CASE DEPART (2011)

Deux demi-frères que tout sépare se retrouvent propulsés dans les Antilles du 18ème siècle…

CASE DÉPART

2011 – FRANCE

Réalisé par Thomas Ngijol, Fabrice Eboué et Lionel Steketee

Avec Fabrice Eboué, Thomas Ngijol, Stefi Celma, Erig Ebouaney, Etienne Chicot, Catherine Hosmalin, David Salles

THEMA VOYAGES DANS LE TEMPS

Lorsque deux humoristes spécialisés dans le stand-up et révélés par le « Jamel Comedy Club » s’attaquent à un premier long-métrage en tant qu’auteurs/réalisateurs et acteurs principaux, leur capacité à maîtriser toutes les facettes d’un média aussi exigeant laisse a priori perplexe. Un sketch et un film ne requièrent évidemment pas le même savoir-faire, comme en témoignent les échecs artistiques de Coco, RRRrrr !!! ou Incontrôlable, pour n’en citer qu’une poignée. Mais les deux compères semblent savoir où ils mettent les pieds. Conscients des difficultés d’adaptation d’un mode d’expression – le spectacle live – à l’autre – le grand écran – ils s’adjoignent les services d’un troisième co-réalisateur aguerri (Lionel Steketee, assistant réalisateur du Pacte des loups et de Fatal) et peuvent ainsi cumuler un certain nombre de défis. Ainsi décident-ils d’aborder frontalement le thème du racisme par le biais d’une reconstitution historique située au cœur des Antilles du 18ème siècle. Pour couronner le tout, ils compliquent la donne en laissant leur scénario reposer sur les mécaniques du voyage dans le temps.

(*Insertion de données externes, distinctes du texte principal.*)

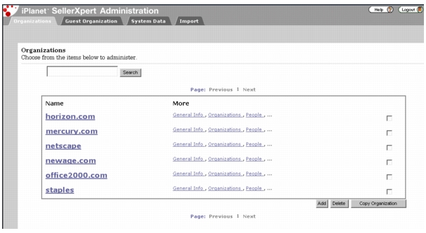 Figure 3-11    SellerXpert Organizations Tab for Superadmirs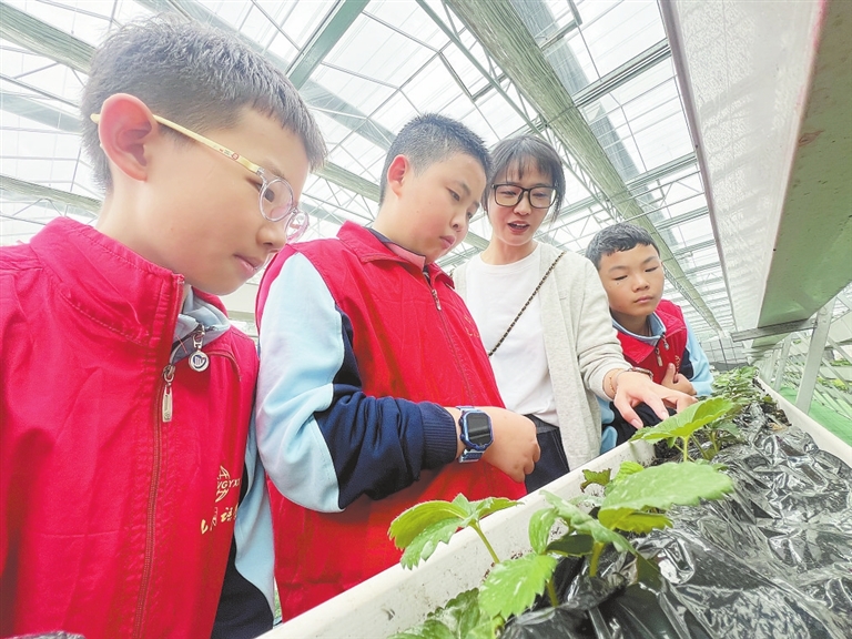 日前,在九江市柴桑区城门街道白合村的白合生态产业园玻璃温室大棚内,学生们正在察看盆栽草莓苗长势。

A l’écran, Thomas Ngijol et Fabrice Eboué incarnent Joël et Régis, deux demi-frères qui ne se fréquentent pas et qui ne connaissent quasiment pas leur père. Mais lorsque ce dernier s’apprête à rendre son dernier souffle, ils se rendent en Martinique et peuvent constater en chemin la grandeur du fossé qui les sépare. L’un est intégré dans la société française au point d’occuper un poste d’adjoint au maire et de renier totalement ses origines créoles. L’autre est un chômeur paresseux persuadé que la couleur de sa peau est la cause de tous ses malheurs. Au moment où leur géniteur volage passe l’arme à gauche, ils reçoivent en guise d’héritage un document d’un autre âge qui ne cesse de se transmettre au fil des générations : l’acte d’affranchissement qui a rendu la liberté à leurs ancêtres esclaves. Passablement déçus, ils le déchirent et l’éparpillent aux quatre vents. Ce geste n’est pas sans conséquence. Car ils s’assoupissent aussitôt dans les volutes de fumées soufflées par une étrange vieille tante qui les observe, et se réveillent dans un champ inconnu. Propulsés dans les Antilles de 1780, ils sont aussitôt capturés et vendus comme esclaves sur le marché.

Le racisme vu sous un angle inattendu

Certes, la légèreté avec laquelle est traité le prétexte à ce voyage dans le temps peut légitimement frustrer les fantasticophiles, malgré une manifeste allusion à La Planète des singes lorsque nos héros croisent un homme traqué comme une bête au milieu d’un champ par des cavaliers d’un autre âge. Mais le décalage entre les préoccupations quotidiennes de nos deux exilés et la condition du peuple noir dans les Antilles esclavagistes du 18ème siècle permet d’aborder le thème du racisme sous un angle inattendu, avec un recul et une faculté de relativisation que n’aurait pas permis une comédie urbaine plus traditionnelle. En ce sens, le projet Case départ est intéressant, même si l’humour y rase souvent les pâquerettes sans toujours éviter les gags graveleux et les écarts de vulgarité superflus. Le film reste anecdotique mais franchement plaisant, à l’image du jeu de mot plutôt malin qui en constitue le titre.